All Answers Don’t Look The Same (Part 2)
By Laurel Owens (a continuation of a post from 12/10)
Another challenge in helping our non-verbal or lower
functioning friends participate is knowing how to encourage them in club. Often
there will be one or two friends in the back of the room who seem impossible to
involve in club. And we think “If I can just say the right thing, I’ll convince
them” or “If I can get them to the other side of the room and away from the
door, then they’ll participate”. Or we think the opposite, “They’ll never
participate, so I’ll just let them entertain themselves in the back of the room.”
Laurel and Kyle |
Both of those responses aren’t right or wrong.
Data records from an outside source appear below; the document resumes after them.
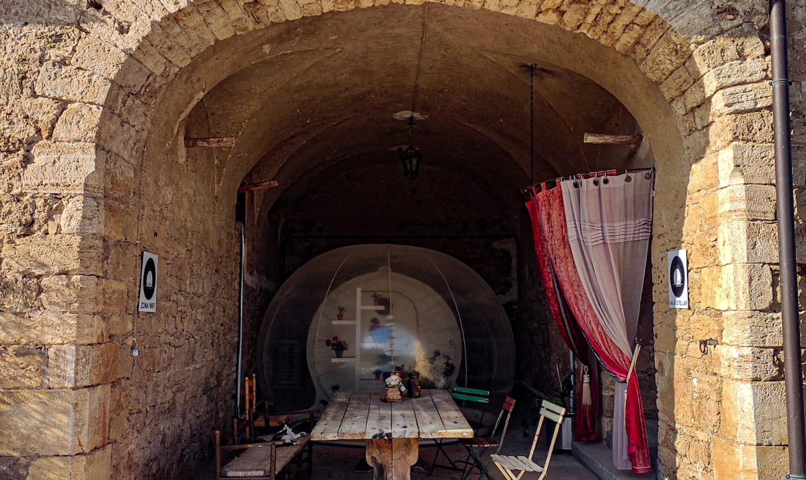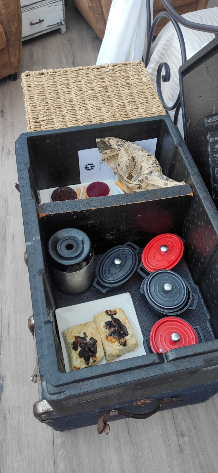 Hasta antes del covid, las comidas se servían en la masía. Pero, tras la pandemia, los responsables vieron que los clientes preferían hacer su vida aislados en su burbuja, literal. Por ello, actualmente solo los residentes de la masía comen en ella, mientras que “los burbujeros” tienen un servicio que les trae la comida. Tanto la cena como el desayuno te lo dejan en la compuerta.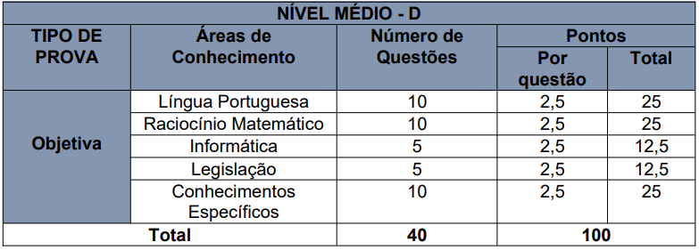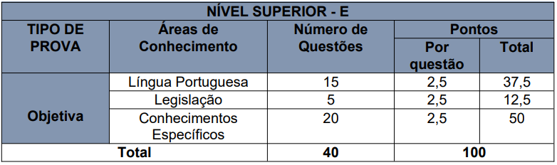A prova objetiva será composta por 40 questões de múltipla escolha, com cinco alternativas cada com apenas uma alternativa correta.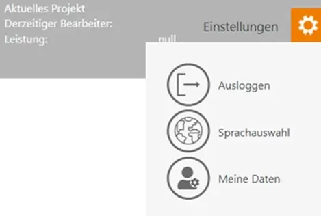 Wenn Sie die Sprache oder Ihre Stammdaten ändern möchten, klicken Sie auf das orange Einstellungsrad.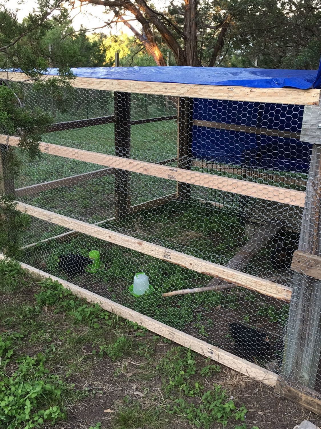 I'm not sure what region you're in or what your weather is like. Do the quails get any protection from wind? I noticed the chicken nestboxes are protected but the quail cage I assume is the one on the ground - seems a bit exposed to the elements or gets wet from rain? It's nice that you supervise free-range for the chickens since dogs don't mean to but get excited chasing/playing with chickens. Our friends had a Jack Russell Terrier that raided their coop and killed 3 of their 5 hens - it was a sweet dog but highly excited around the hens - they only had chicken poultry wire fence for their run and the dog broke it.My coop is nothing fancy like all the other coops on this thread but it is homemade though. We only have three chooks at the moment but i am hoping to expand my flock soon. They get let out a couple of times a day as i have a dog and they can't be let out without supervision. (That little coop inside is where i keep my King Quails)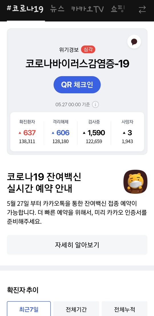 2. 카카오톡 앱을 통해 잔여백신 알아보기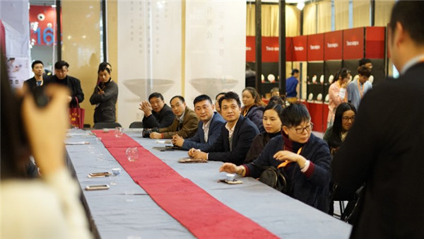 由貴州省畢節(jié)市七星關(guān)區(qū)政府代表和來自廣州、深圳、上海、臺灣等地的茶商、茶界知名人士?,F(xiàn)場品飲了由勐海雨林古茶坊茶葉有限責(zé)任公司提供的雨林珍藏,茶湯呈絢爛艷麗的濃金色,香氣濃郁,乍聞是霸氣鉆鼻的陳香,隨后糯香明顯,最后是清爽的蜜蘭香,茶湯入口更加有穿透力,輕輕一小口,苦甜感迅速在口腔炸開,猛烈但是舒適,回甘迅速襲來,生津汩汩,三兩杯就會酣暢淋漓。米飯香,稻花香,糯香,蘭香交替而來,意猶未盡。湯感已經(jīng)粘稠,但入口卻是感覺輕輕得“融化”在口腔。第二道現(xiàn)場品飲了畢節(jié)區(qū)特色茶品,并分享了當(dāng)?shù)氐牟枞~種植傳統(tǒng)和茶產(chǎn)業(yè)的發(fā)展現(xiàn)狀。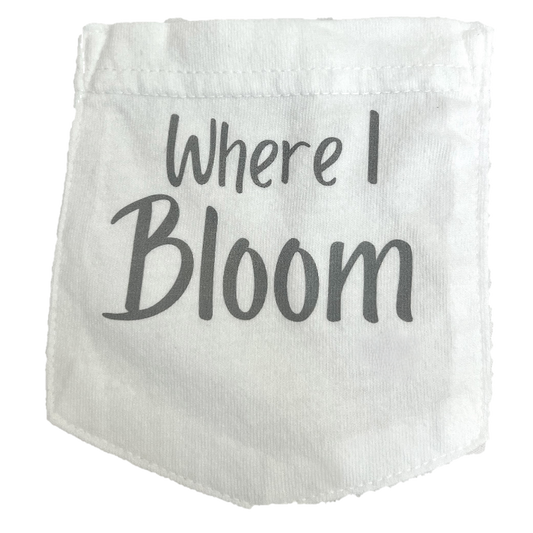 The “Where I Bloom” logo and appropriate state abbreviation are included on the front pocket.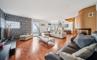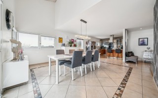 Les espaces de réception séduisent par leurs volumes généreux et leur luminosité naturelle. Le salon, agrémenté d’une cheminée, dégage une atmosphère à la fois élégante et chaleureuse, idéale pour recevoir ou se détendre dans un cadre raffiné. Les larges ouvertures créent une parfaite continuité entre intérieur et extérieur.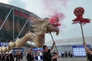 赛前,博主@保护我方山东队晒出了东莞银行篮球中心门外出现的舞龙表演,场面十分震撼。

I’ll use my brother Kyle as an example for this:
Kyle is a pretty giant 21 year old; 250 lbs, 6 feet tall. He
also has non-verbal, classical Autism. Most of his speech is just noise or
humming, and he is constantly moving, flapping his arms or covering his ears.
So if you don’t know Kyle, it can be extremely hard to know how to engage him.
He won’t give you much of an answer.
A setting like Capernaum club can be pretty hard for him,
unless he has formed a relationship with someone who he really trusts. And this
takes years to do!
Our friends will not move from their favorite corner, get up
out of the chair, or sit down with the group if they feel like their leader may
mislead them. They want to have a trusting relationship with their Young Life
leader just like anyone else. But establishing that trusting relationship takes
time.
Laurel and Kyle |
So as a sister, here’s my advice:
Just sit.
Have the same leader sit beside that student, at a distance
that feels safe, for however long it takes. Sit in the corner, hallway, or
wherever, and don’t speak unless it’s important. Don’t push them to jump right
in. Let them learn that you are 1) consistent, 2) respectful of their
boundaries, 3) friendly and 4) available to help.
Slowly but surely, the student may sit closer (or sit down period),
may grab your hand when they need help, or make eye contact. That is their way
of saying, “I think you might be okay.” As that trust relationship is built,
they will be more open to considering your suggestion to participate more,
because they know you wouldn’t lead them astray.